No, we will not talk about the macrobiotic diet, or the “original” diet of cabbage soup. From now on fruits and vegetables are your main allies.
Fruits and vegetables give you energy for the whole day, and will improve the quality of skin and will adjust your metabolism. In addition, the World Health Organization found that people consuming about 5 portions of fruits and vegetables per day, have much less chances to hard attack or even cancer. Concerning these findings, a person should consume 400 grams of fruit and vegetables per day, divided into equal portions.
Respect our suggestions and you’ll be healthier and more radiant!
Food required in the 5 portions diet: a banana, two broccoli wisp, three dried apricots, four spoons with huckleberry, five cherry tomatoes.
150 ml of fresh fruit – is the recommended amount. Crushed fruits lose their fiber.
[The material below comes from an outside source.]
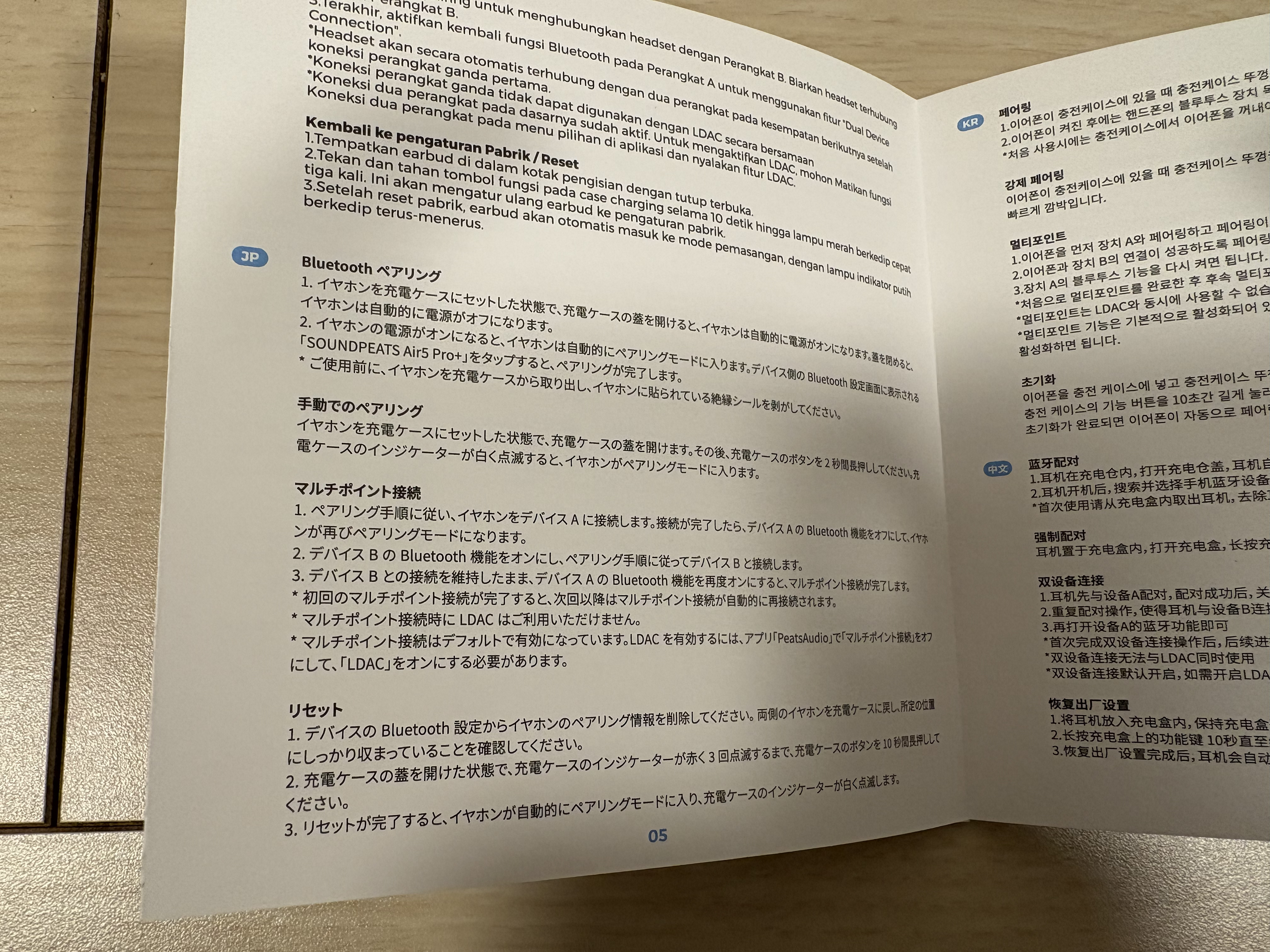 説明書は日本語を含む多言語対応で、ペアリングについても書かれているので使い方に困ることはありません。

Drink fresh juice and the result will be the one you want.
[singlepic id=208 h=150 float=left]80 grams of beans – a larger amount is unnecessary, because beans contain fewer vitamins than other plants.
80 grams of vegetables – fresh, frozen, or preserved, all matter in the total balance.
80 grams of fruit – vegetables may also be, in any form.
One is the equivalent of a hand full of fruit.
80 grams of lettuce – one portion of a cereal bowl size is enough.
[singlepic id=207 h=170 float=right]Breakfast: a bowl with cereals (unsweetened) and milk, a kiwi (a half portion).
Lunch: A hard-boiled egg and a garnish of vegetables: a little celery (one portion), half a yellow pepper (a portion), three spoons full of scraped carrot (a portion), over which pour a mixture prepared from a teaspoon of olive oil, garlic, lemon.
Dinner: chicken breast, boiled rice, two broccoli wisp (a portion) and the three full spoons of green beans.
Snack: a boiled corn (a portion)
TOTAL: six portions and half
Breakfast: A slice of bread, a simple scrambled eggs (pan-fried in Teflon without oil), a pear (a portion).
Lunch: a choice soup, a salad of cucumber (a portion), a handful of pea, a spoon full of corn grains one portion of tofu.
Dinner: grilled fish, baked potato, and side dish of green beans (a portion).
Snack: an apple (one portion) and a cube of cheese.
TOTAL: six portions
[singlepic id=204 h=150 float=left]Breakfast: a banana (a portion), cereals, and a spoon with linseed.
Lunch: a tuna sandwich and side dish of vegetables: tomatoes, peppers, cucumbers, celery, and carrot (one portion).
If you want a salad dressing, mix one spoon of oil of pumpkin seeds with a little vinegar.
Dinner: turkey with black dried beans and a small onion (one portion) and three full spoons of the grilled vegetables: pumpkin, carrots, broccoli (one portion).
Snack: three dried apricot (a portion) and six forest peanuts.
TOTAL: five portions
Breakfast: a large yogurt with a handful of huckleberry (a portion), and linseed, and a grape (a portion).
Lunch: salad with goat cheese, grilled leek, six mushrooms, and spinach leaves (three portions).
Dinner: salmon with whole pasta, a handful of bean pods (a portion) and a fresh orange (a portion).
Snack: a slice of whole bread spread with humus
TOTAL: six portions
Breakfast: a slice of fat-less ham , three spoons of baked beans (a portion) and five red cherry (a portion).
[singlepic id=203 h=170 float=left]Lunch: tuna sandwich with bread, a kiwi fruit (half portion) and an apple (one portion).
Dinner: a hamburger home made. Brown a slice of beef in olive oil and spread light mayonnaise in a half baguette. Make a sandwich of these products and add vegetables (carrot, cucumber, onion, and tomato) – three tablespoons of this mixture = one portion
Snack: eight raw forest peanuts, an apple, or a large pear (one portion).